On Thursday 18 July 2013 20:33:17 Bob Devries did opine:

> OK, Gene,
> 
> I have changed the SAS to 4 on my build, and it still builds without
> error 248 on the single-sided tano and d64 disks.
> So the new instructions are:
> 
> In file /nitros9/level1/d64/makefile
> 
> under $(DSK180K_1):
> 
> change:
> 
> $(OS9FORMAT_SS40) -e -dr -q $@ -n"NitrOS-9/6809/Dragon Level 1 Disk1"
> 
> to:
> 
> $(OS9FORMAT_SS40) -sa=4 -e -dr -q $@ -n"NitrOS-9/6809/Dragon Level 1
> Disk1"
> 
> Regards, Bob Devries
> Dalby, QLD, Australia
> 
This is a bit of a what if, for a very special situation, and that 
situation happens when you approach the disk full state, and there is not 
enough room in the FAT to allocate SAS sectors.
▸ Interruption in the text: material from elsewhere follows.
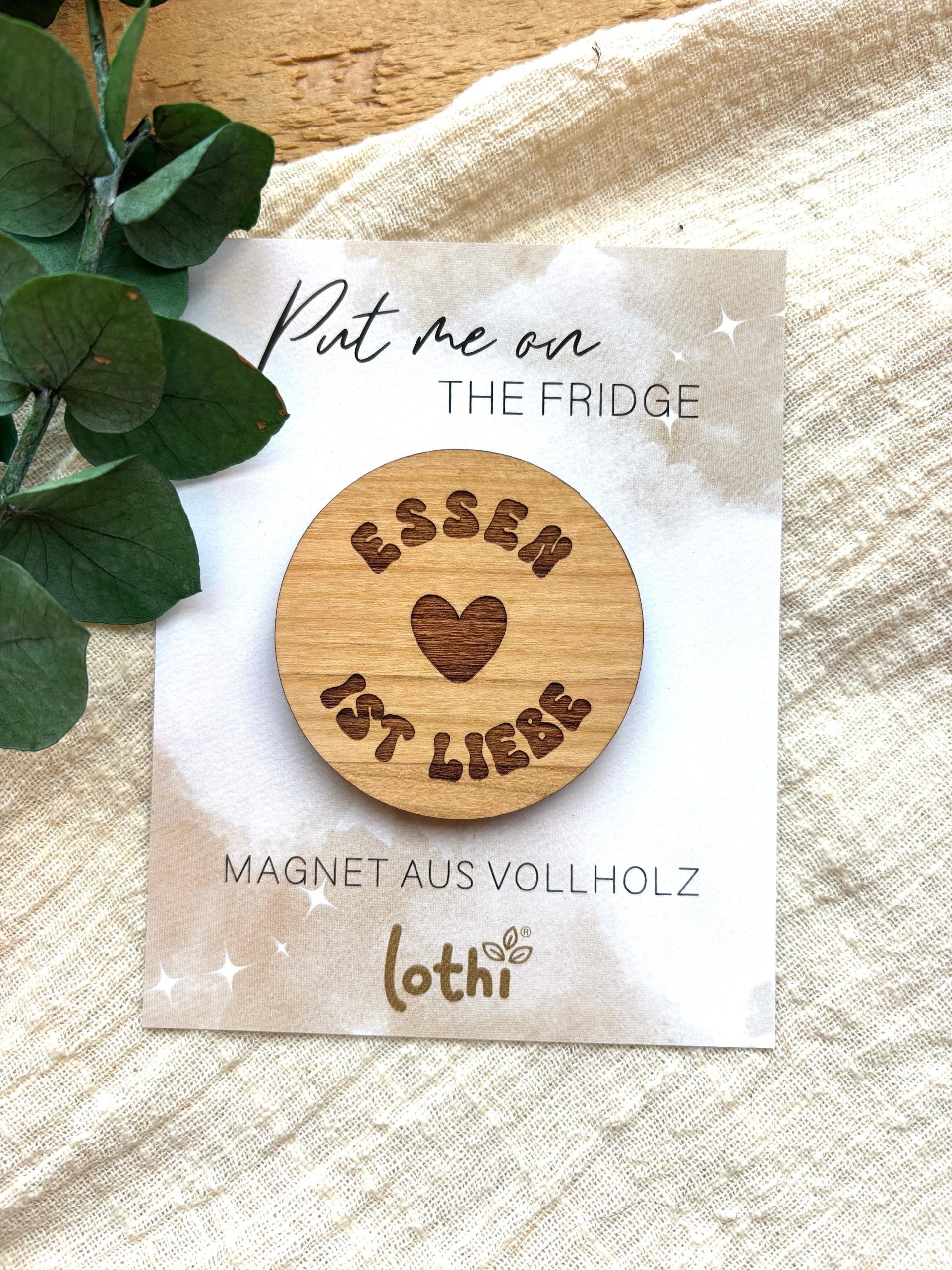 Individueller Holzmagnet mit deinem Text – oben und unten entlang der Rundung graviert.

Looking at the disk image by mounting it in drivewire to one of the /x# 
descriptors, then running ded /X#@ to look at it.  IMO there shouldn't be 
any gaps in the FAT till you get to the end of the allocation used.  Each 
new allocation SHOULD start allocating at the end of the previous file. And 
in the one I am looking at, does. 

So until I know better, I believe your failure on vtio ($93F) bytes long 
boils down to out of FAT, no SAS contiguous sectors left after the first 
$700 is written (the first $100 is the file descriptor sector, so the first 
$800 allocation only gets you room for $700 bytes of data, but the next 
allocation request for that same file will get you $800 bytes of room for 
data), and it cannot allocate another $800 to write the last $23F bytes of 
the file, where a smaller SAS might let the file be written, albeit in 
smaller pieces, needing more FD.SEG entries by using the smaller SAS.

Even on floppy drives, I have used default SAS=20 and have for 2 decades, 
and usually $80 for hard drives, gets rid of 99.99% of the file 
fragmentation at the expense of having holes in the FAT where a file has 
been deleted, but the resultant clear spot is not SAS sized so it never 
gets re-used.  When you have a couple of 1Gb drives the sparse spacing 
tends not to be a problem. :)

This SAS thing isn't carved in stone at format time, except for the root 
directory, format fixes that at $800 bytes regardless of the SAS, so you 
will never see a root directory that is more than 8 sectors, including the 
FD in the next sector after the FATs last sector.  You can change it in the 
descriptor on the coco at any time, with nitros9 on the coco being happy as 
a clam.  It gets re-read from the descriptor anytime a file is opened for 
writing.  For reading, the chain is to look at the dir entry to get the FD, 
it gets the size from the FD and then follows the trail of FD.SEG's to 
locate all the pieces of the file. SAS for a read is simply not considered.

Those kingsquest4 disks are strangely organized.  The root dir is NOT 
immediately after the FAT, but it seems to work anyway.